Parenting • 7 min read
How to Help Your Child Study at Home (Without Fighting)
Homework battles are the most exhausting hour of an Indian parent's day. Here is a calmer, more effective way to support learning at home.
Published 25 April 2026 by Yajur Wellbeing Team
Most Indian families end the school day in some version of the same argument: 'Have you done your homework?' If that fight has become the central event of your evening, it is time to redesign the system. Here is what works, based on what we see across hundreds of Yajur families.
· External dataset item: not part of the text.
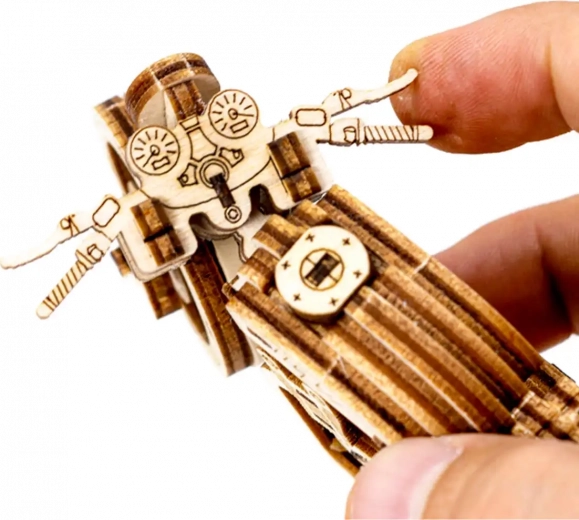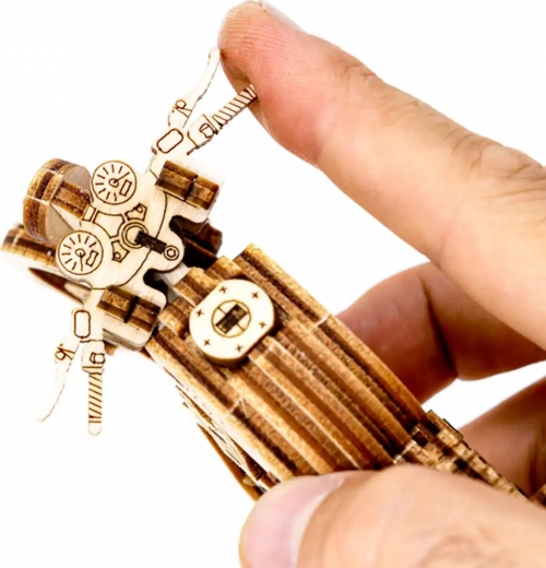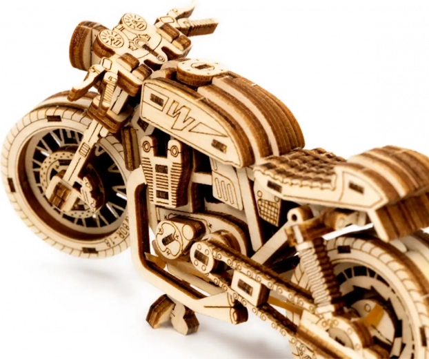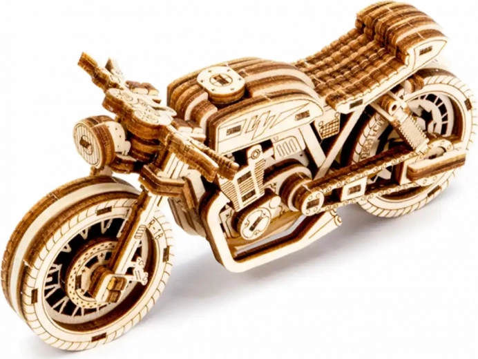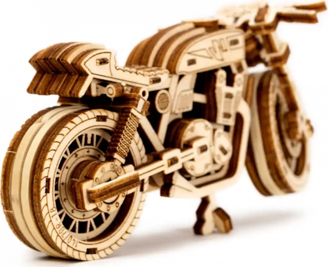 Byg en stilfuld Café Racer-motorcykel af naturlig krydsfiner og nyd dens funktionelle mekanik. Modellen kører takket være tilbagespoling og en gummimotor op til 1 meter, har gummibelagte hjul, svinghjulsmekanisme og realistiske betjeningselementer. Samlingen foregår uden lim og værktøj, og emballagen fungerer som en stander.

Stop sitting next to your child while they work
The single biggest improvement most families can make is to physically move. Sit at the dining table while your child works at the study table. Be in the same room, available for questions, but not hovering. Hovering builds dependence — your child stops thinking and starts checking 'is this right?' after every line.
Design the hour, not the homework
- Fixed time — pick the same one-hour window every evening (5:30-6:30 pm works well for primary).
- Same place — one consistent table with the same chair. The brain learns 'this is where I work.'
- No screens — your phone goes face-down in another room during this hour. Your child notices.
- Snack and water before, not during. Hunger and dehydration look like distraction.
- Two short breaks — 5 minutes after 20 minutes, 5 minutes after another 20.
When your child says 'I don't understand'
Resist the urge to explain immediately. Ask 'What part exactly is confusing?' If they can name it, half the problem is solved. If they cannot, ask them to read the question aloud, slowly. Most of the time, the question simply was not read carefully. When they truly are stuck, explain once, then ask them to explain it back to you.
Things to never say during homework
- 'Even your younger cousin can do this.'
- 'Why are you so slow?'
- 'I have explained this three times.'
- 'Do you want to fail?'
Each of these costs you a week of cooperation. Children who feel safe at the study table return to it the next day. Children who feel shamed start avoiding it.
When to bring the school into the loop
If a particular subject is causing tears two or three evenings in a row, write to the class teacher. The teacher would much rather hear from you in week 1 than discover the problem in the term test. At Yajur, we treat homework-related parent emails as priority — they tell us something useful about the child's experience.
Talk to a Yajur teacher
Concerned about a specific subject? Our class teachers respond within 24 hours during the school week.
Reach our teamFrequently asked questions
How long should homework take in primary school?
Class 1-2: 15-20 minutes. Class 3-5: 30-45 minutes. Class 6-7: 45-60 minutes. If homework is regularly taking more than this, talk to the teacher.
Should I correct my child's homework before they submit it?
No. Teachers need to see what your child actually wrote to know where to help. Point out the line that needs a re-look, but let the child fix it.
What about tuition?
For most primary-school children, tuition is not necessary if the school is doing its job. If you are using tuition to compensate for a school that is not teaching well, the better fix is to talk to the school.